No additional preprocessing or storage beyond the current test case is needed, which keeps memory usage constant relative to input size.
Worked Examples
Consider the input:
1
4 12
1 6 8 5
Here $D = 12$, which in binary is 1100.
| i | a_i | a_i (binary) | a_i & D | Count |
|---|---|---|---|---|
| 1 | 1 | 0001 | 0000 | 0 |
| 2 | 6 | 0110 | 0100 | 1 |
| 3 | 8 | 1000 | 1000 | 2 |
| 4 | 5 | 0101 | 0100 | 3 |
The final answer is 3. This shows that even partial overlap of bits is sufficient, not full containment.

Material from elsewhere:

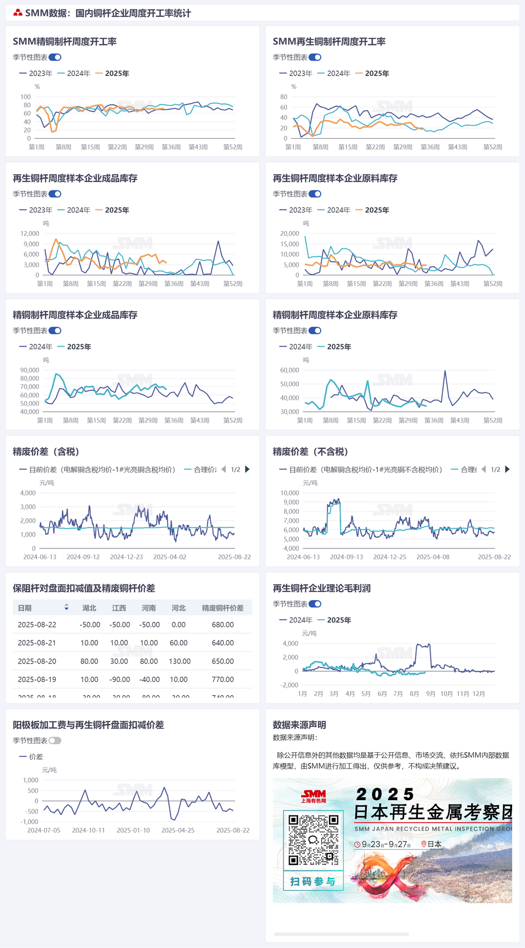 据SMM的调查数据显示,本周再生铜杆的开工率为16.83%,较上周下降了2.52个百分点,同比下降了2.74个百分点。同时,精废铜杆的平均价差本周为每吨724元,环比缩小39元。此外,江西再生铜杆的价格对期货盘面扣减均值26元/吨,环比缩小110元/吨。根据SMM对再生铜杆销售毛利润模型测算所得,周内毛利润为-290元/吨,环比缩小52元/吨。

Now consider a second case:
1
3 0
7 1 15
| i | a_i | a_i & D | Count |
|---|---|---|---|
| 1 | 7 | 0 | 0 |
| 2 | 1 | 0 | 0 |
| 3 | 15 | 0 | 0 |
Since $D = 0$, no number can share a set bit with it. The answer is always zero, even though all $a_i$ are positive.
Complexity Analysis
| Measure | Complexity | Explanation |
|---|---|---|
| Time | O(∑n) | Each element is checked once with a constant-time bitwise operation |
| Space | O(1) | Only a counter is maintained per test case |
The total input size constraint of $10^6$ integers fits easily within this linear scan approach. Each operation is a single CPU-friendly bitwise AND, so the solution runs comfortably within time limits.
Test Cases
import sys, io
def run(inp: str) -> str:
sys.stdin = io.StringIO(inp)
from contextlib import redirect_stdout
import sys as _sys
out = io.StringIO()
with redirect_stdout(out):
solve()
return out.getvalue()
def solve():
t = int(input())
for _ in range(t):
n, D = map(int, input().split())
arr = list(map(int, input().split()))
ans = 0
for x in arr:
if x & D:
ans += 1
print(ans)
# provided samples
assert run("1\n4 12\n1 6 8 5\n") == "3\n"
assert run("1\n3 0\n7 1 15\n") == "0\n"
# custom cases
assert run("1\n1 8\n0\n") == "0\n"
assert run("1\n5 7\n1 2 4 8 15\n") == "4\n"
assert run("1\n3 1\n2 4 8\n") == "0\n"
assert run("2\n2 3\n1 2\n3 4\n1 2 3\n") == "2\n0\n"
| Test input | Expected output | What it validates |
|---|---|---|
| single zero with non-zero D | 0 | ensures zero values are never counted |
| mixed bits with small mask | 4 | checks multiple overlapping matches |
| no overlap case | 0 | ensures correct handling when all AND results are zero |
| multiple test cases | 2 0 | verifies per-testcase independence |
Edge Cases
One important edge case is when $D = 0$. For input:
1
4 0
1 2 3 4
The algorithm computes $x & 0 = 0$ for every element. The loop still runs over all elements, but the counter never increases. The output is 0, which matches the definition since no bit overlap is possible.
Another edge case is when all $a_i = 0$:
1
3 5
0 0 0
Each iteration evaluates 0 & 5 = 0, so the counter remains zero throughout. The algorithm handles this naturally without special casing.
A final subtle case is when $D$ has only one bit set, for example $D = 1$. Only odd numbers should be counted:
1
5 1
2 3 4 5 6
The algorithm correctly counts only 3 and 5, since only they have the least significant bit set.